Instructions to follow »
The material below is to be copied exactly from the line with "Sumérjase en la" up to and including the line with "サイドギャザーキャミワンピース", with nothing else kept and no pictures.

>>>

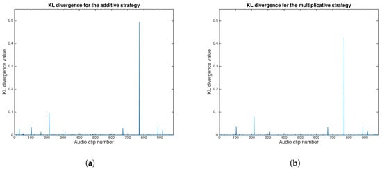 where is the distribution of C, is the distribution of S, and is an arbitrary low number. If , the steganographic system is a “perfectly secure” case. However, very low values are enough for steganographic systems for real-world signals. Figure 13 shows KL divergence results for both the additive and multiplicative strategies.
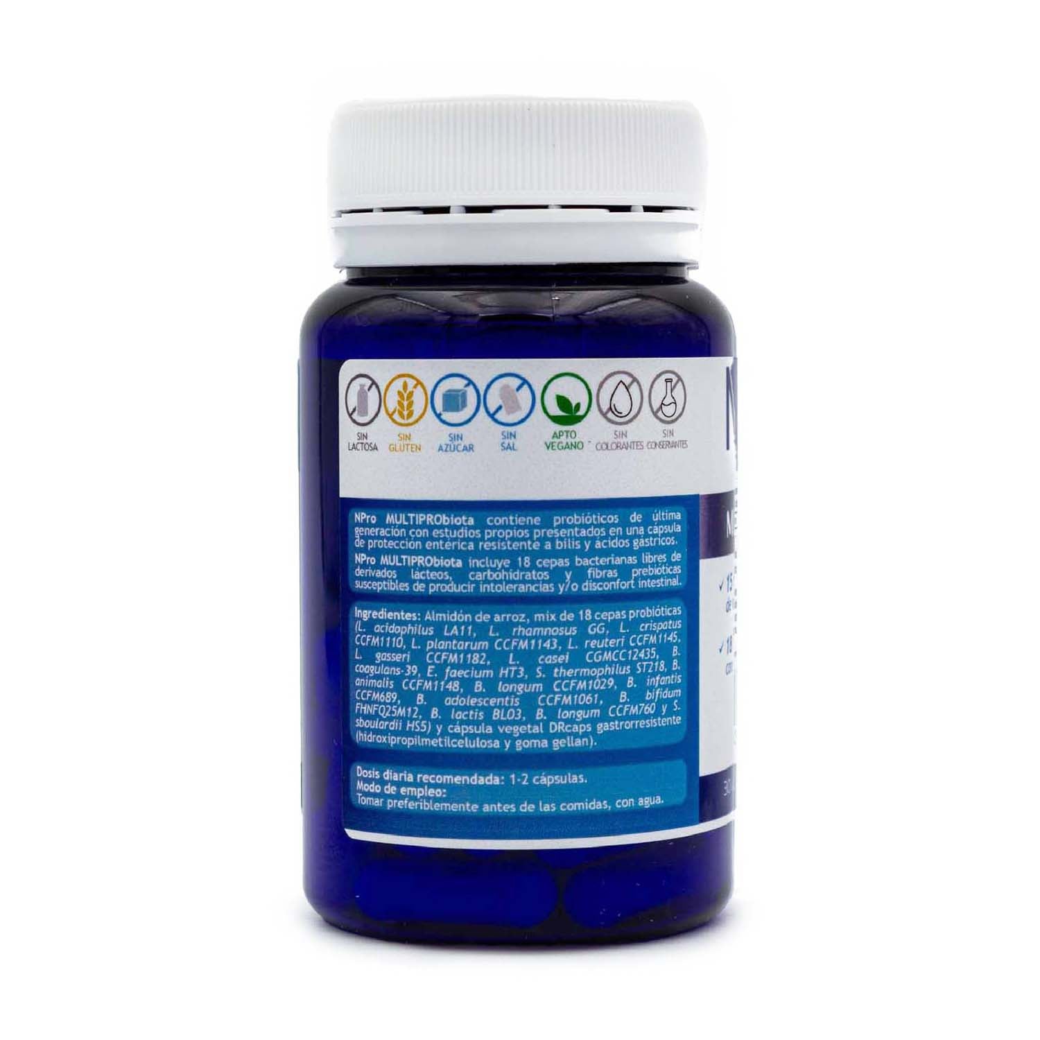 Multiprobiota NPro es un complemento alimenticio cuya fórmula contiene 18 cepas microbianas y 15,000 millones de ufc's por cápsula. Con sistema DR caps, es decir, cápsulas de lenta liberación y sin carbohidratos o fibras prebióticas para evitar intolerancias y disconfort. ¡Cuida tu microbiota!
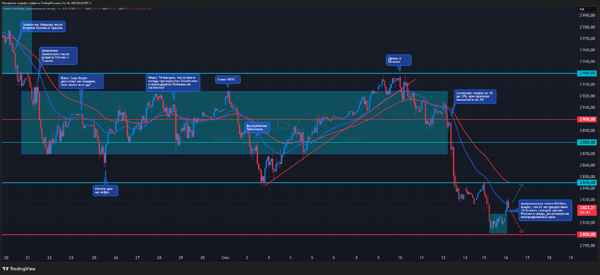 На фоне этого, индекс МосБиржи пришёл к моему целевому ориентиру – 2800 пунктов. Около уровня поддержки по рынку акций началась фиксация прибыли. Наблюдались попытки отскока рынка. Тем не менее, индекс не смог обновить внутридневные максимумы около 2818 пунктов.
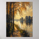 Sumérjase en la tranquilidad del otoño con esta impresionante huella de arte impresionista. Cuenta con un camino a orillas del río, rodeado de árboles dorados y una luz solar que refleja el agua. Ideal para añadir calidez y serenidad a la decoración de las paredes.
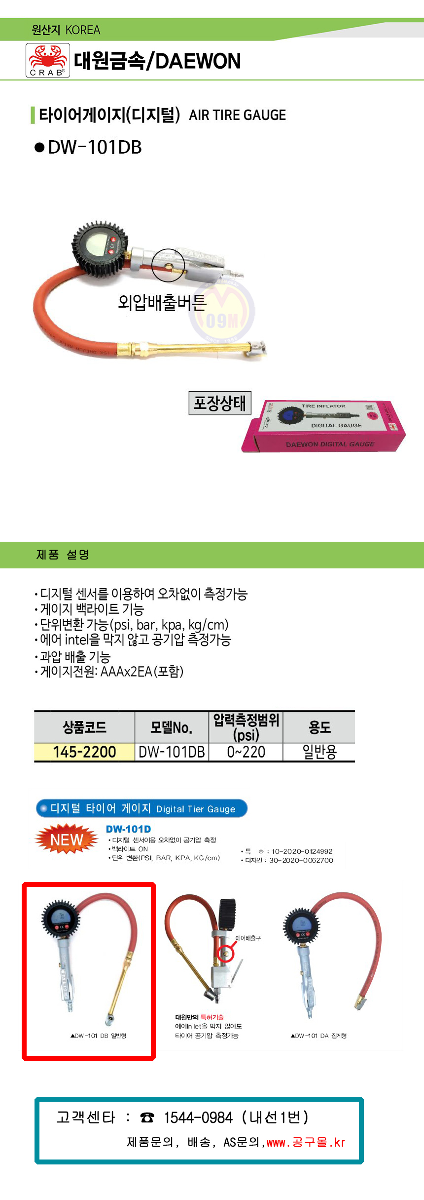 타이어게이지(디지털) DW-101DB(일반형) 대원금속/공구몰/자동차공구/자동차정비공구/타이어공구
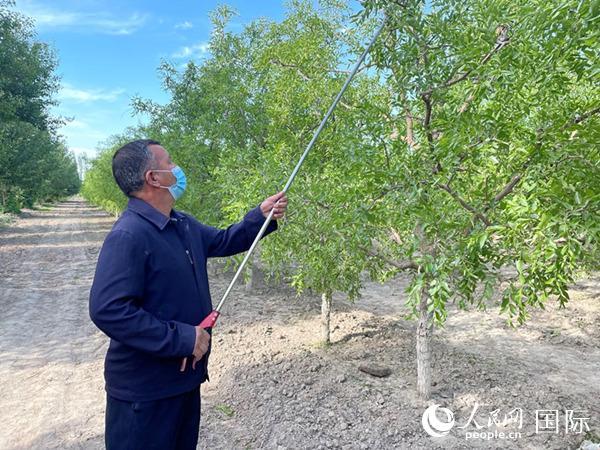 央塔克乡枣农修剪枣树枝叶。人民网 张荣摄
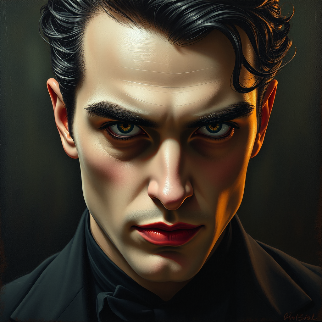 A captivating portrait of a sophisticated and handsome vampire with a dark bohemian aura, exuding a sense of ennui. The male figure is portrayed with rich, dramatic lighting that enhances the soft details of the composition. This oil on canvas painting is infused with art nouveau influences and rendered with an octane technique, resulting in a high-definition, ultra-detailed piece in 4k and 8k resolution. The styles of Edmund Blair Leighton, Brom, and Charlie Bowater merge seamlessly, reflecting contemporary trends as seen on Artstation. The facial depiction draws inspiration from Tom Bagshaw and John Singer Sargent, creating an intriguing interplay of classic and modern artistic techniques.
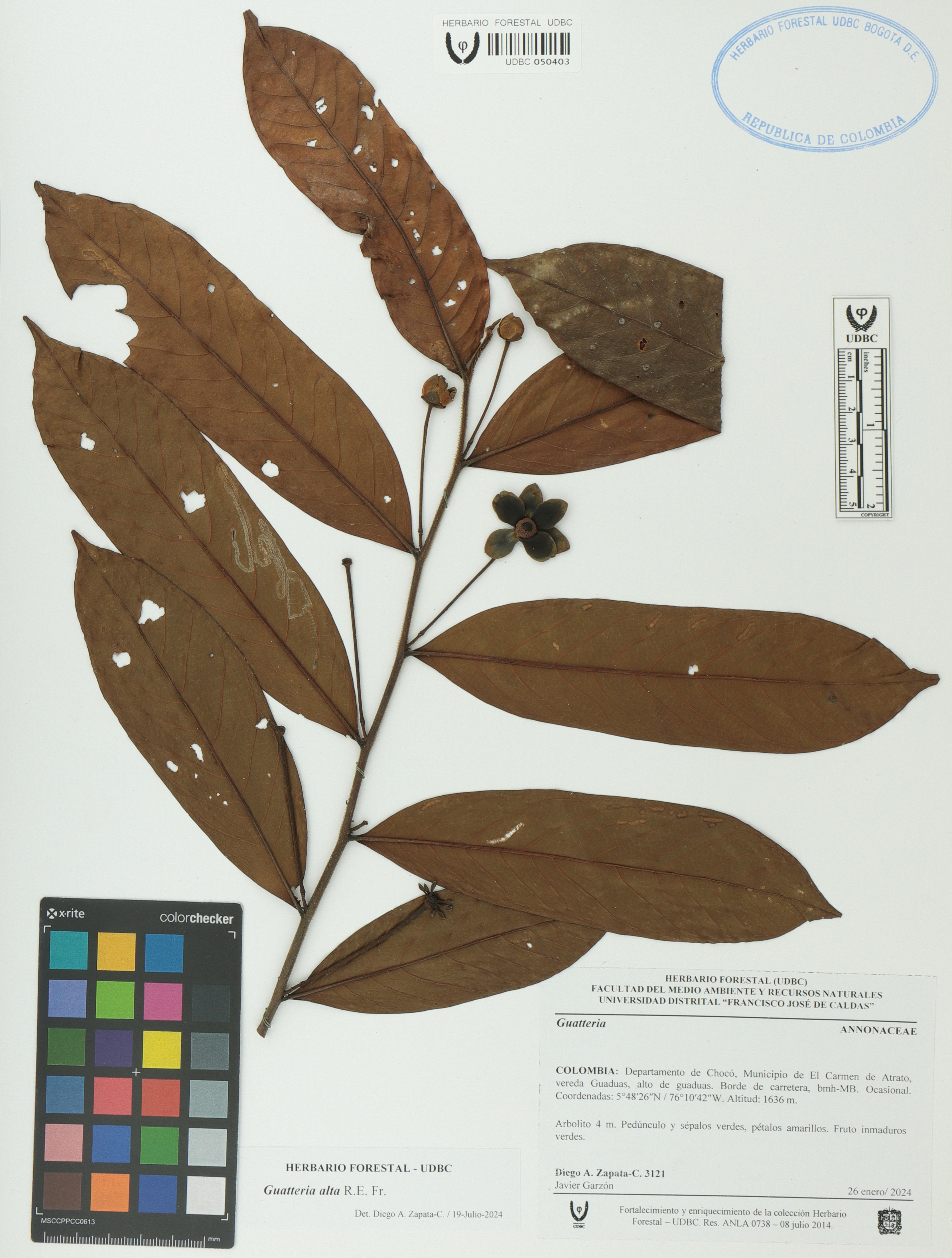 Fotografía del ejemplar Zapata-C., D. 3121, determinado como Guatteria alta en el año 2024
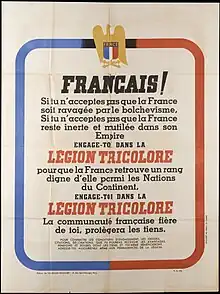 La Légion tricolore, qui n'exista quasiment que sur le papier du au , est une tentative du gouvernement de Vichy, sous l'égide de Laval et de son secrétaire d'État Jacques Benoist-Méchin, de récupérer politiquement et militairement la Légion des volontaires français contre le bolchevisme (LVF), créée le . Cette dernière avait en effet un statut d'association de droit privé sous le contrôle exclusif de partis collaborationnistes français et sa partie combattante était intégrée au sein de l'armée allemande en tant que Infanterie Regiment 638.
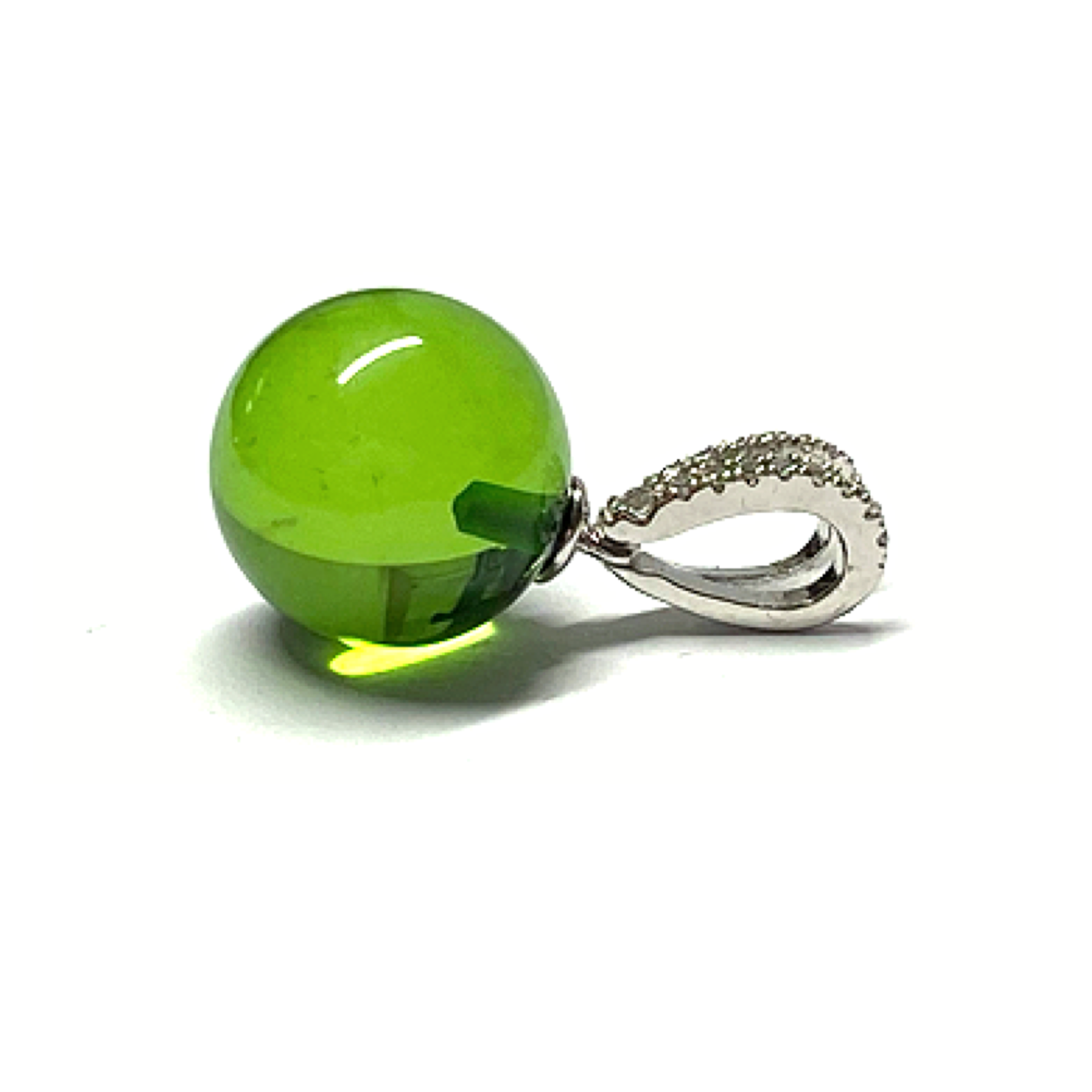 Silberanhänger 925/- rhodiniert karibischer Bernstein grün Kugel 11mm + Zirkonia Kettenanhänger
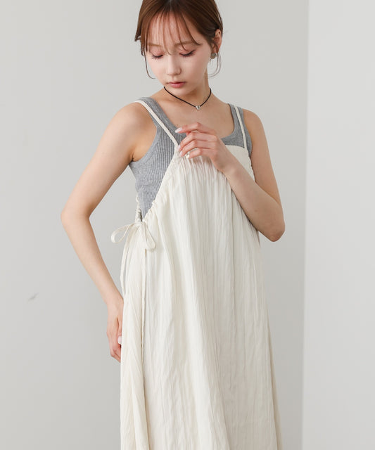サイドギャザーキャミワンピース
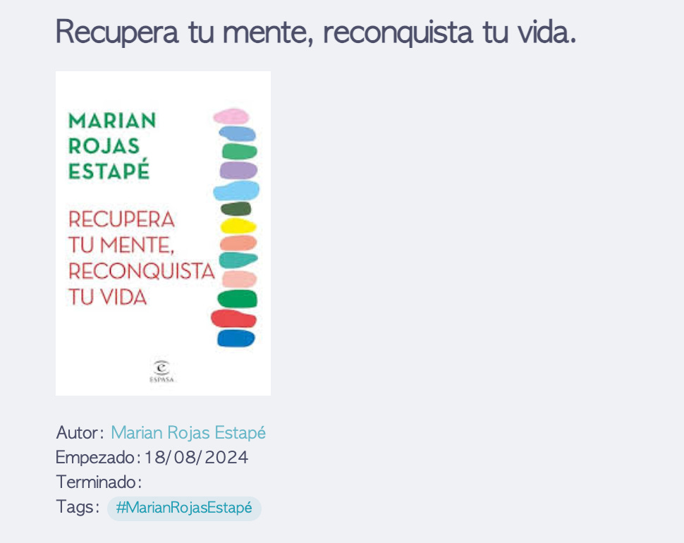 Ahora mismo estoy leyendo un libro de Marian Rojas Estapé y sobre el mismo voy tomando notas que creo, me van a resultar útiles en un futuro. Yo leo y subrayo en el libro y luego me lo paso tranquilamente a Obsidian, y creo enlaces a notas que no he creado aun pero que puedo seguir investigando en un futuro, como autores a los que hace referencia en su libro etcétera. De este modo se que en dos años, o en el tiempo que quiera, tendré eso accesible sin tener que volver a recurrir a leerme todo el libro de nuevo.
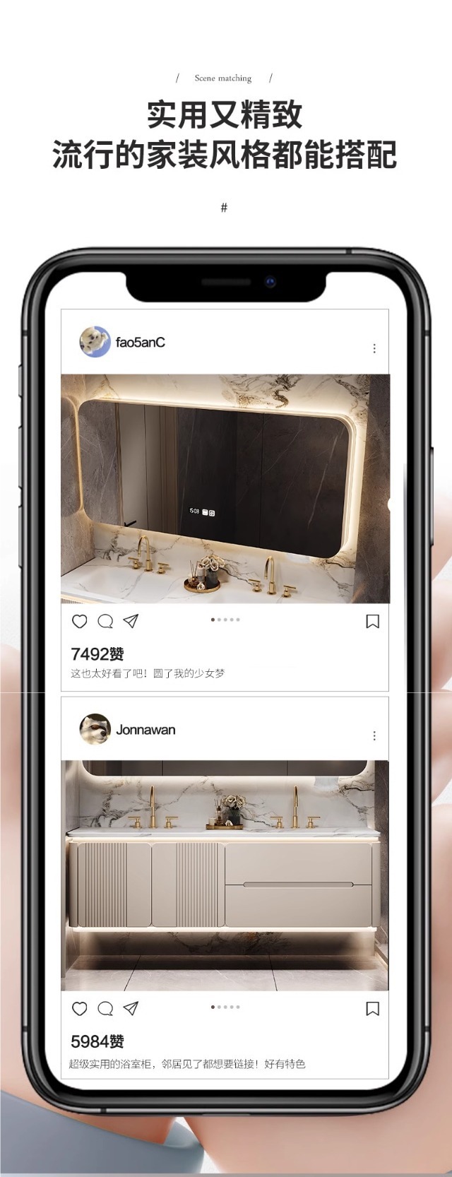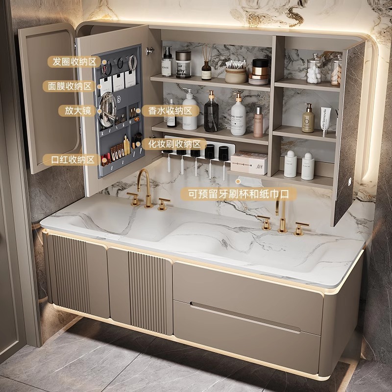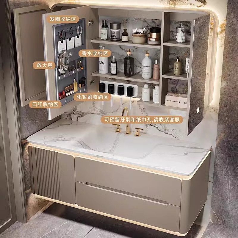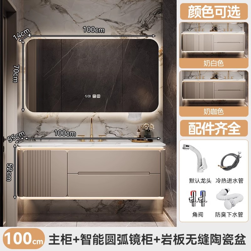 • 100 슬레이트 핫 벤드 세면대 + 원형 스마트 거울 캐비닛 + 오크 캐비닛
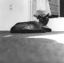 Buff had the delightful habit of running through the house, making a thundering herd kind of noise (this is amazing for animals known for their stealth.) His vision, as is common with Applehead Siamese cats, wasn’t the best, so he didn’t always know where he was going. One night we were sitting around listening to the thundering herd when we heard an unsatisfying thump on the sliding glass door. It seems that Buff, not seeing or caring about the door, had careened into it. He staggered away; he wasn’t himself for several days thereafter.
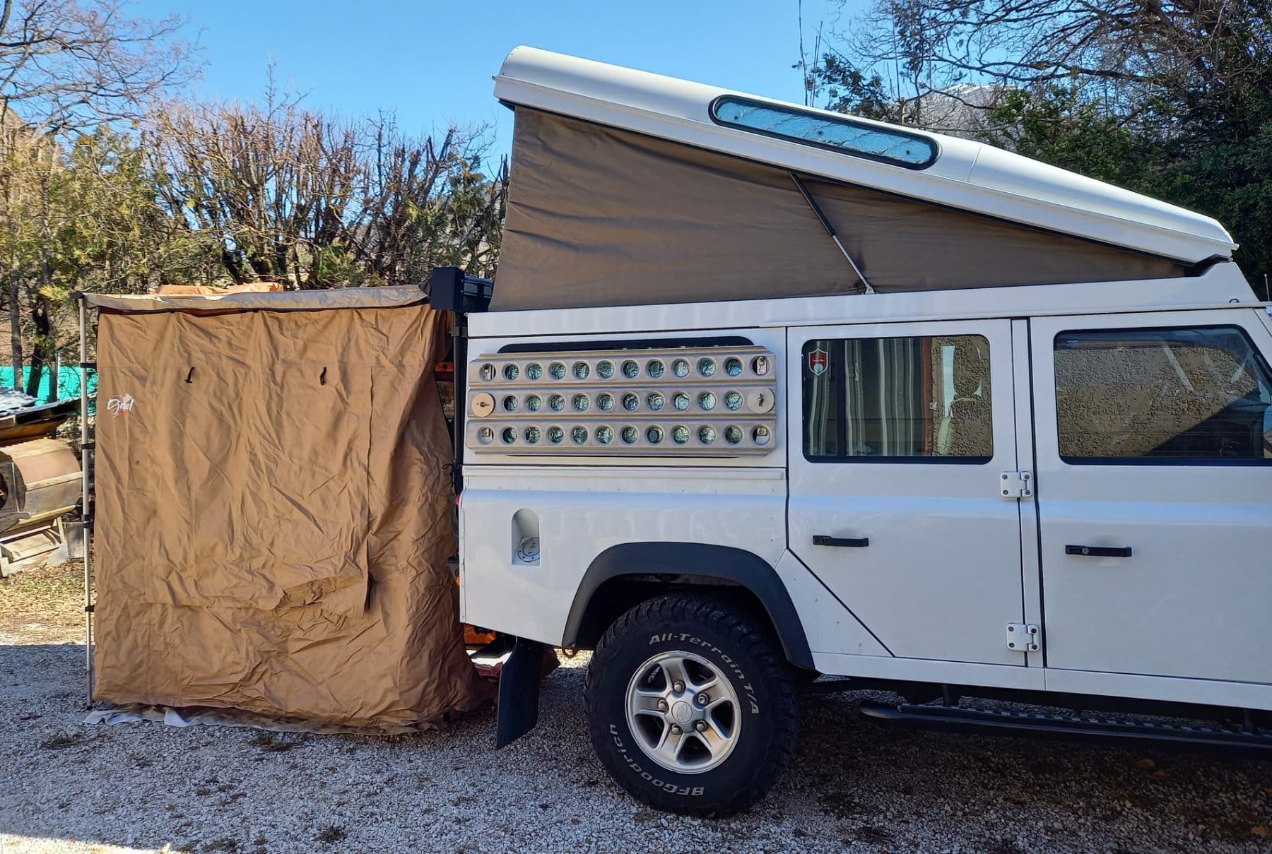 Ce Defender n'est pas seulement robuste; il est aussi conçu pour le confort. Équipé d'une cuisinière à gaz, d'une douche, d'un frigo et d'un WC compost, il vous offre tout le nécessaire pour vivre des aventures sans compromis sur le confort. Que vous soyez en pleine nature ou dans un camping, vous disposerez de toutes les commodités modernes.
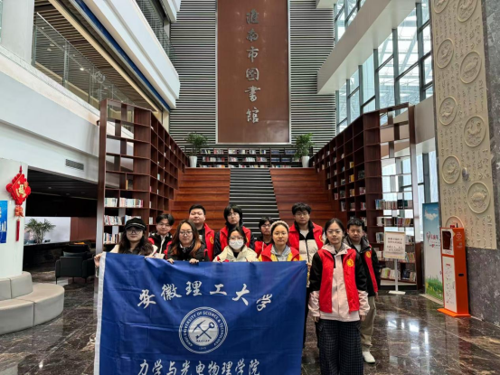 三月春风送暖,雷锋精神传扬。在第63个“学雷锋纪念日”来临之际,为深入践行雷锋精神,弘扬志愿服务新风尚,安徽理工大学力学与光电物理学院光电信息24-3班团支部组织11名青年志愿者,走进淮南市图书馆开展主题志愿服务活动,以实际行动为书香阵地保驾护航,让青春力量在公益服务中闪光。

<<<

Answer to this exercise »
 Sumérjase en la tranquilidad del otoño con esta impresionante huella de arte impresionista. Cuenta con un camino a orillas del río, rodeado de árboles dorados y una luz solar que refleja el agua. Ideal para añadir calidez y serenidad a la decoración de las paredes.
 타이어게이지(디지털) DW-101DB(일반형) 대원금속/공구몰/자동차공구/자동차정비공구/타이어공구
 央塔克乡枣农修剪枣树枝叶。人民网 张荣摄
 A captivating portrait of a sophisticated and handsome vampire with a dark bohemian aura, exuding a sense of ennui. The male figure is portrayed with rich, dramatic lighting that enhances the soft details of the composition. This oil on canvas painting is infused with art nouveau influences and rendered with an octane technique, resulting in a high-definition, ultra-detailed piece in 4k and 8k resolution. The styles of Edmund Blair Leighton, Brom, and Charlie Bowater merge seamlessly, reflecting contemporary trends as seen on Artstation. The facial depiction draws inspiration from Tom Bagshaw and John Singer Sargent, creating an intriguing interplay of classic and modern artistic techniques.
 Fotografía del ejemplar Zapata-C., D. 3121, determinado como Guatteria alta en el año 2024
 La Légion tricolore, qui n'exista quasiment que sur le papier du au , est une tentative du gouvernement de Vichy, sous l'égide de Laval et de son secrétaire d'État Jacques Benoist-Méchin, de récupérer politiquement et militairement la Légion des volontaires français contre le bolchevisme (LVF), créée le . Cette dernière avait en effet un statut d'association de droit privé sous le contrôle exclusif de partis collaborationnistes français et sa partie combattante était intégrée au sein de l'armée allemande en tant que Infanterie Regiment 638.
 Silberanhänger 925/- rhodiniert karibischer Bernstein grün Kugel 11mm + Zirkonia Kettenanhänger
サイドギャザーキャミワンピース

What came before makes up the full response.